Ich glaube, man kann mit vielen Instrumenten gute Musik machen. Aber bei einer Sache sind wir alle Experten, ohne uns dessen überhaupt bewusst zu sein: bei der Stimme. Du bekommst einen Telefonanruf, vielleicht von einem Sachbearbeiter deiner Bank, und du kannst dir sofort vorstellen, was für eine Art Mensch das ist. Sein Alter und Geschlecht. Ob er vielleicht müde ist, ärgerlich oder glücklich. Ob er vielleicht schon seit Jahren schlechte Laune hat. In dieser Hinsicht ist jeder von uns ein Profi. Mit unserer Stimme drücken wir uns ununterbrochen aus. Säuglinge machen zuerst "auoauoau aoau maoaoao". Diese Art von Geräuschen. Sie erkunden die Möglichkeiten. Irgendwann entdecken sie, dass sie schreien können. Dann probieren sie, wie weit sie gehen können.

Früher dachte ich, Politik sei unwichtig für die Musik. Ob die Grünen an der Macht sind oder eine andere Partei – das verändert nicht die Gestalt der Berge. So sollte auch Musik bleiben, was sie ist, fand ich. Vielleicht hat die weltpolitische Entwicklung der letzten Jahre mich doch stark beeinflusst. Ich will nicht die ganze Zeit Angst vor Terroristen haben oder an George Bush denken. Ich möchte dem eine bessere Art entgegensetzen, wie man seine Zeit verbringen kann.

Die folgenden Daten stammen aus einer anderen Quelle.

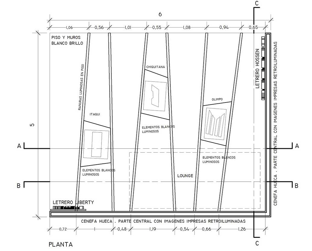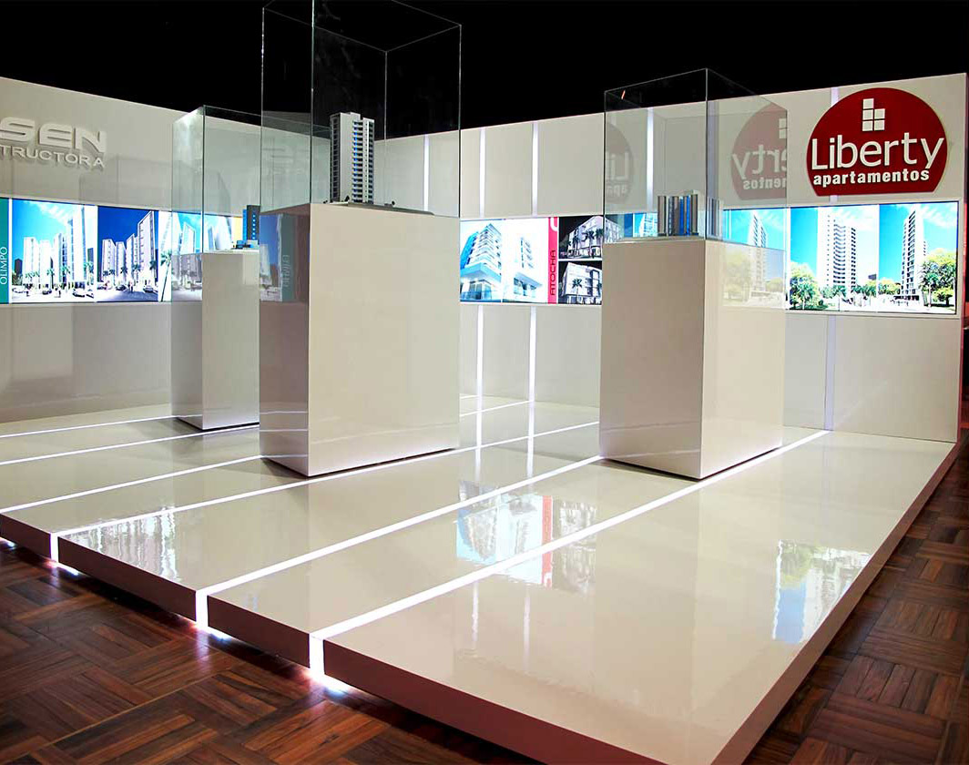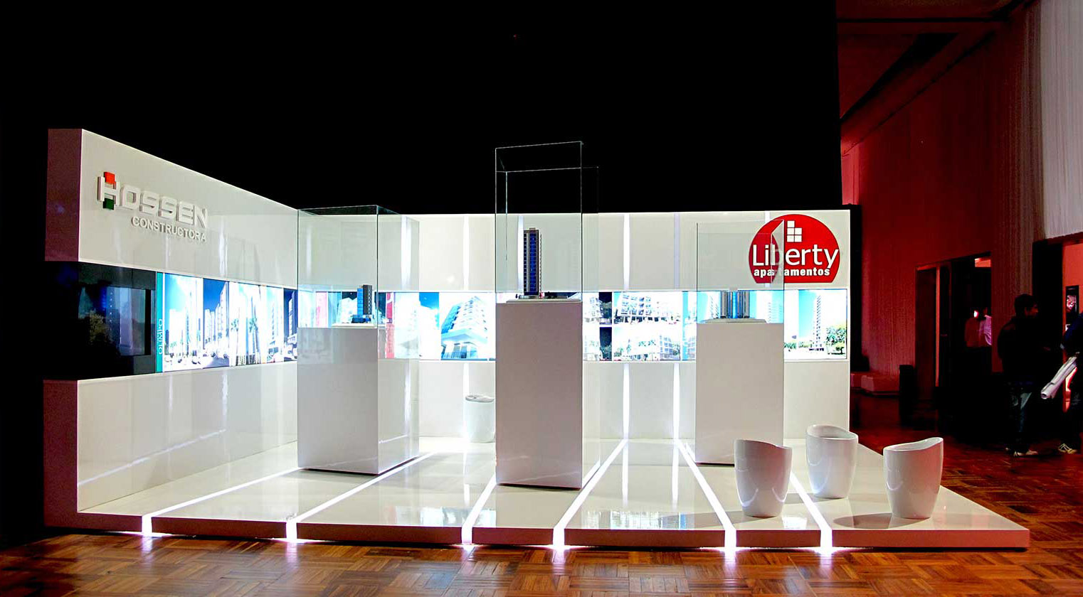 El espacio constituye un stand para la constructora HOSSEN y su marca inmobiliaria LIBERTY. La exposición exhibía las propuestas inmobiliarias de la constructora por lo que el espacio debía ser neutro y dinámico. El montaje se realizó en tres días.

Politiker glauben, 90 Prozent der Menschen sollten die Welt mit ihren Augen sehen. Aber ihr Standpunkt repräsentiert vielleicht drei Prozent der Menschheit. Die anderen 97 Prozent sind Menschen, die sehr hart arbeiten und versuchen, zu überleben. Menschen machen Musik, die schlecht ist. Oder gut. Menschen machen Sport, sie erzählen gute und schlechte Witze. All diese anderen Dinge geschehen in der Welt. Politik ist nicht die einzige wichtige Sache. Pflanzen wachsen, Berge existieren. Das Universum macht sein Ding.

In New York habe ich vor zwei Jahren ein Haus gefunden, eine halbe Stunde von Manhattan entfernt. Es steht im Wald, an einem Fluss. Wann immer ich will, kann ich in die Stadt fahren und kosmopolitisch sein. Einmal die Woche ziehe ich hochhackige Schuhe an, trage Lippenstift auf und bin urban. Ich mag Extreme. Aber ein paar Stunden später muss ich da wieder raus.